It is estimated that over 200 million Americans, more than 2/3 of the US population, do not get enough magnesium. This is important because magnesium is a mineral that plays a critical role in the human body. Magnesium helps maintain normal muscle and nerve function; studies point to magnesium’s efficacy for treating muscle and nerve pain as well as its ability to reduce cramping. Magnesium also keeps the heart rhythm steady and supports a healthy immune system. Magnesium also helps regulate blood sugar levels, promotes normal blood pressure, and is known to be involved in energy metabolism and protein synthesis. Recent study has focused on the role of magnesium in preventing and managing disorders such as hypertension, cardiovascular disease, and diabetes.

Bone health is supported by many factors, most notably calcium and vitamin D. However, some evidence suggests that magnesium deficiency may be an additional risk factor for postmenopausal osteoporosis. This may be due to the fact that magnesium deficiency alters calcium metabolism and the hormones that regulate calcium. Several human studies have suggested that magnesium supplementation may improve bone mineral density.
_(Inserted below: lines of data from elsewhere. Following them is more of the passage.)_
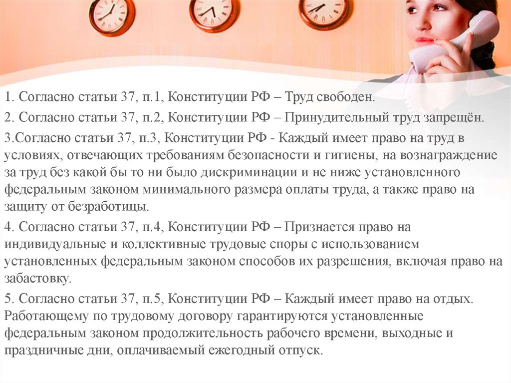 3.Согласно статьи 37, п.3, Конституции РФ - Каждый имеет право на труд в
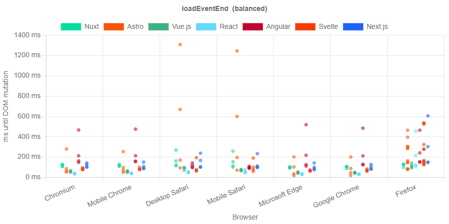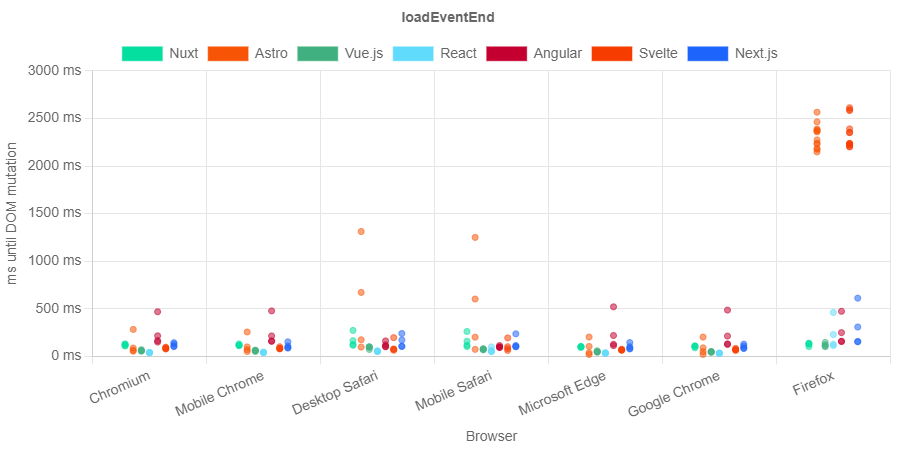 Angeglichenen Werte - einziger Unterscheid: Firefox - Rest: - schlecht: - Angular - Chromium, Mobile Chrome, Microsoft Edge, Google Chrome - Astro - Desktop Safari, Mobile Safari
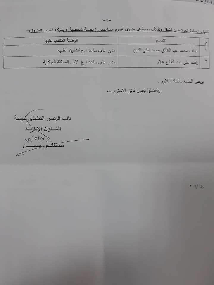 اجتمعت اليوم لجنة شئون العاملين بشركة انابيب البترول برئاسة المهندس عبدالمنعم حافظ رئيس مجلس الإدارة وتم إعتماد حركة الترقيات والندب للعاملين المستوفين فى 2017/9/30 وكذلك الموافقة على منح العلاوة التشجيعية للعاملين الحاصلين على دراسات عليا على أن يكون استحقاق العلاوه للجميع فى2018/3/1 كما وردت كشوف حركة الترقيات والندب للإدارة العليا مديرى عموم ومديرى عموم مساعدين لبعض السادة العاملين والمعتمدة فى 2018/1/1

Even with an optimal diet, magnesium and other nutrient deficiencies can occur for several reasons. If the soil in which foods are grown has been depleted of nutrients, including magnesium, so are the foods that are grown in it. Add to that the fact that processed foods and refined grains are generally low in magnesium (another good reason to avoid white bread and opt for whole grain, since magnesium is concentrated in the germ and the bran of grains and refining flour removes them). If we could get adequate magnesium in our diet, absorption would still pose a problem for many of us. Our ability to absorb magnesium is affected by conditions such as diabetes and liver disease. Using nicotine, alcohol, caffeine, and excess sugar depletes magnesium; so do drugs such as antacids, diuretics, birth control pills, albuterol, insulin, corticosteroids and some antibiotics.

What to do? The recommended daily allowance for magnesium is 400 mg/day. Consider taking a quality multivitamin that provides 100% of the Recommended Daily Value for magnesium and the other essential vitamins and minerals as a good foundation for a healthful diet. Most dietary magnesium comes from vegetables, such as dark green, leafy vegetables. Other foods that are good sources of magnesium include, fruits (bananas, dried apricots, and avocados); nuts (almonds and cashews); peas, beans (legumes), and seeds; soy products (soy flour and tofu); and, whole grains (brown rice and bran cereal).